It can be difficult to find time to finish a video game, especially if you only have a few hours a week to play. In our biweekly column Short Play we suggest video games that can be started and finished in a weekend.
The Gardens Between is about two kids, Ariana and Frendt, exploring surreal islands that are made from objects in their shared memories. But you don’t actually control either character directly — you control the flow of time. At first this seems like a difficult thing to wrap your head around. But because of how you are able to observe the forward and backward movement of time, it all makes sense, as you’re able to understand the causality of events. However, when I think about how the characters might see these events unfolding, I end up giving myself a headache. But I can’t stop thinking about it.
Controlling time in The Gardens Between is a bit like scrubbing through a video: tilting the analog stick to the right moves time forward, tilting it left rewinds, and not using it at all stops time completely. And while you can never move time faster than normal speed, tilting the stick only slightly causes time to move slowly. You can also only control time so far as Ariana and Frendt are able to progress, because eventually as you move time forward either, or sometimes both, character will encounter something that stops them.
Their end goal on each island is to reach a large pedestal at the top, and they have to do it while Ariana is in possession of a white orb in a lantern-like thing she carries. Mainly your job is to use your perspective outside their timeline to manipulate things to help them progress, which sometimes involves prompting the characters to interact with certain objects. But for the most part, you are using that perspective to understand and affect the causality of events.
On one island you might find that Ariana can collect the white orb early on, but as she proceeds she encounters something that absorbs the orb as she passes. In order to get around this you need to scrub through the timeline for something she can put the orb onto that will avoid these absorbing objects, and allow her to collect the orb again later on.
In the game, this series of events might go something like this:
- Ariana and Frendt set off through the island.
- Ariana and Frendt walk past the orb-absorbing object.
- Frendt rings a bell that causes the white orb to appear.
- Time rewinds to when they would have approached the white orb, but hadn’t because it wasn’t there.
- Ariana encounters and collects the white orb.
- Ariana loses the white orb to the absorbing thing.
- Time rewinds to have Ariana collect the orb again.
- Ariana puts the orb on the first pedestal.
- The pedestal moves, and in doing so, gets too close and loses the orb to the absorbing thing.
- Time rewinds to have Ariana collect the orb again.
- Ariana puts the orb on the second pedestal.
- The pedestal moves further down the path as Ariana and Frendt walk past the orb-absorbing thing.
- Ariana re-collects the orb from the pedestal.
- Ariana and Frendt proceed to the end of the level.
But from the perspective of the characters the series of events would unfold like this:
- Ariana and Frendt set off through the island.
- Ariana encounters and collects the white orb.
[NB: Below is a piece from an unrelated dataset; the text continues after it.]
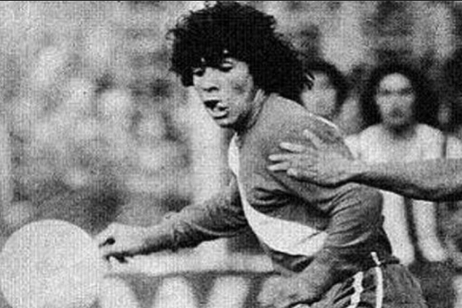 “El miércoles 20 de octubre de 1976, y con la número ’16’ en la espalda, en el entretiempo, Maradona ingresó por Rubén Giacobetti para dar intentar dar vuelta el marcador contra Talleres de Córdoba en La Paternal, partido que culminaría con la victoria por 1 a 0 del equipo cordobés. En una de sus primeras intervenciones, Diego le tiró un túnel a Juan Domingo Cabrera, jugador de la T.

- Ariana places the orb on a pedestal.
- The pedestal moves further down the path as Ariana and Frendt walk past the orb-absorbing thing.
- Ariana recollects the orb from the pedestal.
- Ariana and Frendt proceed to the end of the level.
It’s in thinking about these differences in perspectives that I start to get a headache, but a good kind. It’s similar to when you watch too many videos about how the fourth dimension works. It’s inherently a concept that is difficult to wrap your head around since your brain isn’t built to understand the world in that way. From their perspective there is no way to understand, or even observe, the causality of events that occur for them to reach their goal. Objects could appear out of nowhere, one of them could suddenly teleport, or seemingly nothing could happen as they stroll through the island.
While it’s fascinating to think about things in this way, the game isn’t presented from their perspective, but one where you can observe the causality of events. Yet from that perspective it manages to convey some complicated theoretical concepts about time and space in a way you can understand, without you really noticing it. Just keep some pain relievers handy.